うだつの上がらない大学生である彼は、歯ブラシを加えたまま口の端から泡立った歯磨き粉を垂らし、茫然としたまま。脳はその事柄に支配されていた。

朝、起床してみれば部屋の壁の隅に穴があいていたのだ。マグカップより少し大きいほどの、おそらく正円。いつからだろう? どうしよう。どうしようもなく後頭部をポリポリと掻く。

しばらくしてポタリと素足に垂れ落ちた歯磨き液が、ようやく思考停止を抜け出すきっかけとなる。
今日は図書館に本を返却しなくちゃ、帰りにTUTAYAによってDVDを返そう。そうしよう。そうだ、酒も切れてたな。

寝巻のジャージを脱ぎ捨て、シャツを着るのにやけに手間取り。その理由は朝食の食パンを食べようとした時に判明した。歯ブラシを咥えたままだ。なにやってんだか、苦笑してコーヒーを一口。口内の歯磨き粉と一緒に胃に流し込む。さわやかなハーブの香り、おれはマヌケだ。まずい。

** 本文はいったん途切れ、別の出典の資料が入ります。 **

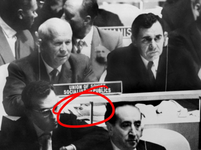 57 let od Chruščovovy boty v OSN. Plus: poznáte, kudy se před 53 lety procházel v Česku?
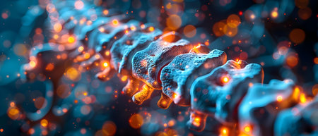 Spine structure illuminated with vibrant colors, showcasing a futuristic concept Background features blurred bokeh with a mix of blue and purple hues, enhancing depth
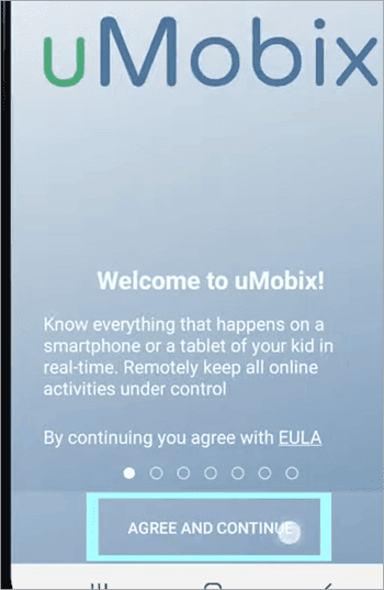 • Go to uMobix setup and click on ‘Agree and Continue’ to proceed further.
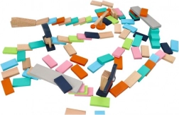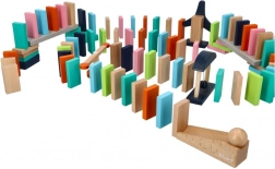 Ontdek het leuke en educatieve kleurrijke houten domino met 128 onderdelen, dat kinderen stimuleert om creatieve banen en kettingreacties te bouwen. De set met draaimolen, windmolentje, poort met knikker, trapjes en bruggen ontwikkelt de fijne motoriek, het logisch denken en het ruimtelijk inzicht. Geschikt vanaf 3 jaar, ideaal voor familie- en groepsspel.
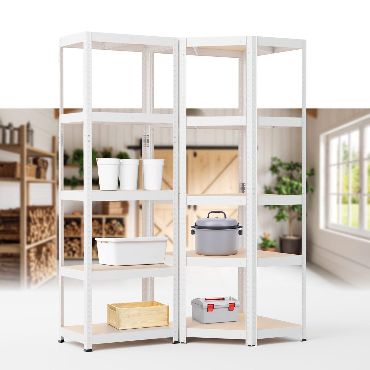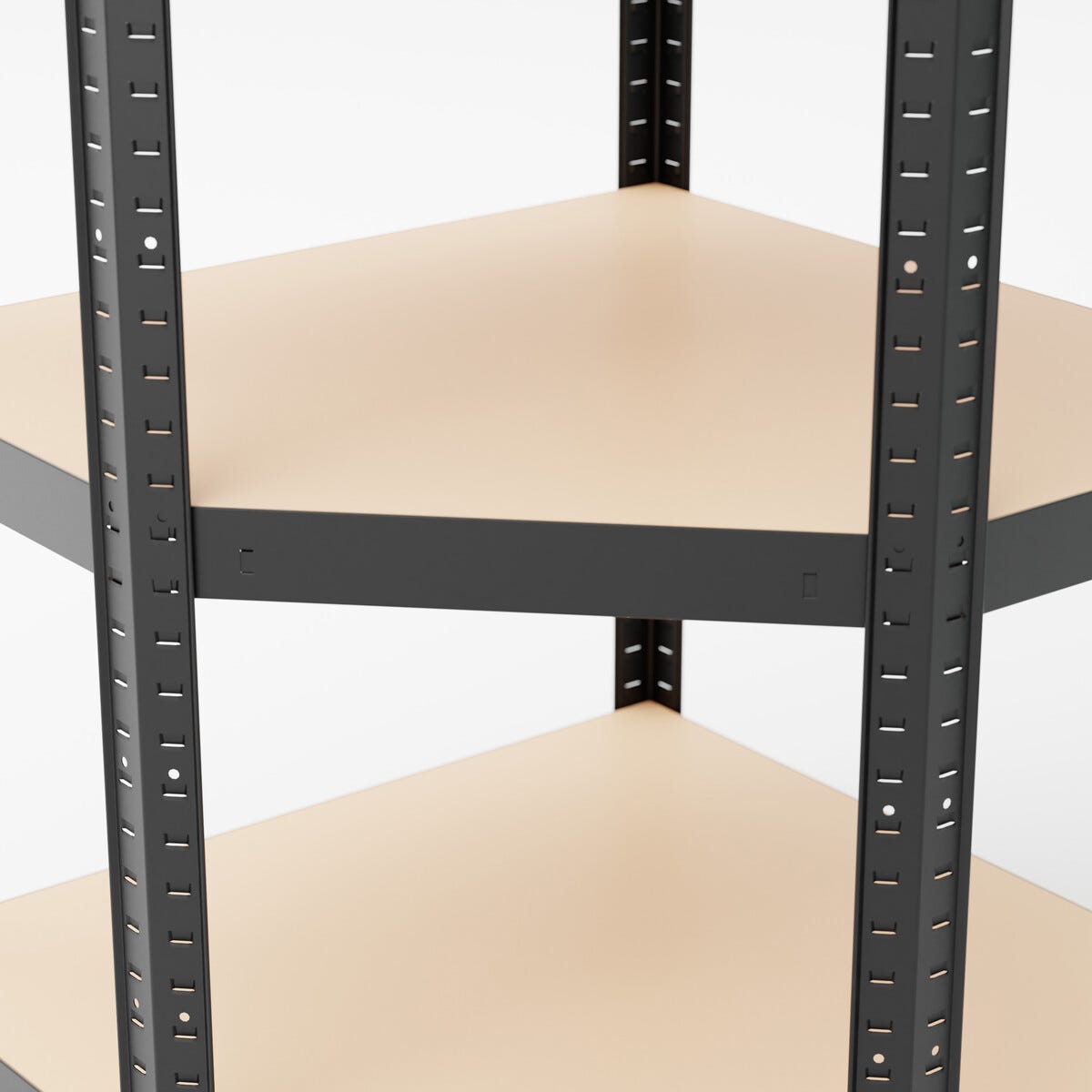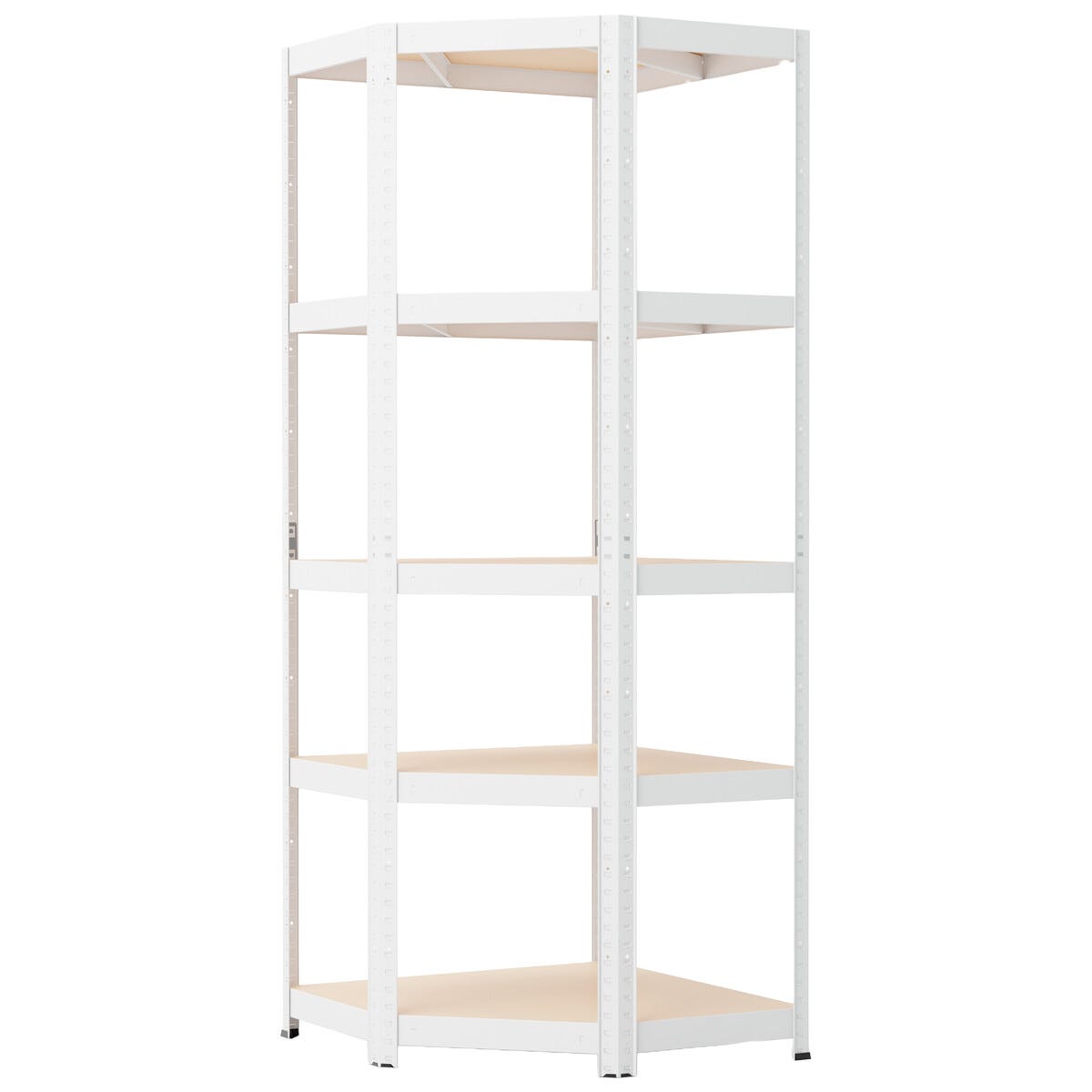 Hjørnehylle i metall for garasje eller bod, 5 hylleplater
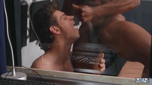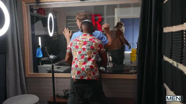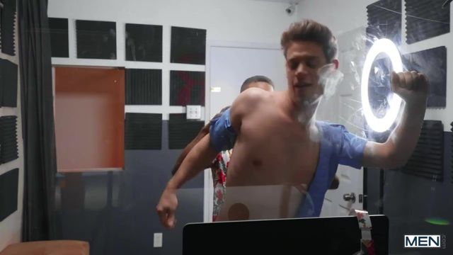 Janitor Michael DelRay gets a little star-struck and asks singer Adrien Hart for an autograph on Michael's perky butt. Adrian's recording session isn't going so well, until Michael sneaks in and starts sucking his cock. The producer catches him and orders the janitor out, but instead Adrian puts him up against the window, motorboating that firm ass before sliding his cock into it. Michael rides the sexy singer and Adrian sucks the bottom's dick, then pounds him doggystyle some more before rimming him. The top fucks Michael missionary, making him cum with his powerful rhythm, then autographs the bottom's face with his load!

まあいい、朝食はもういいから出掛けよう。食べかけの、いや口にできていないが、朝食を残したまま。
落ち着くんだ。きっと帰ってくる頃にはなんとかなってるはずだ。

いそいそと返却物を探し、なんてこった。昨日見たDVDは隣人にだだ漏れかもしれん。いや、そもそもこの部屋の上下両隣はもちろん、八方向全てに住人はいないはずだが。
ちらりと穴をうかがう、カーペットらしきものが床に敷かれているようだ。

くそう、いつから引っ越してきたんだ。ともかく、あまりいい印象は持たれていないだろう。恥ずかしすぎる。

「と、とにかくなにか……」

と、声に出して慌てて口をつぐむ。この独り言でさえ聞かれているかもしれないのだ。
ひとまずなにか塞ぐ物がないかと六畳一間をを見回し、ひとまずこれでいいかと目に着いた段ボール箱で隠した。
これで良し。Amazon ok! この時ばかりは無駄にでかい箱に感謝した。

彼は額の汗をぬぐうと、ストライクウィッチーズと題される円盤を、パンツじゃないから恥ずかしくないもん! そんな台詞が出てくるアニメDVDを、自慢のスピーカーから萌え萌えしたアニメ声が隣人に聞かれているかもしれないそれを、返却袋に入れて出かけた。つまり逃避したのだ、現実から。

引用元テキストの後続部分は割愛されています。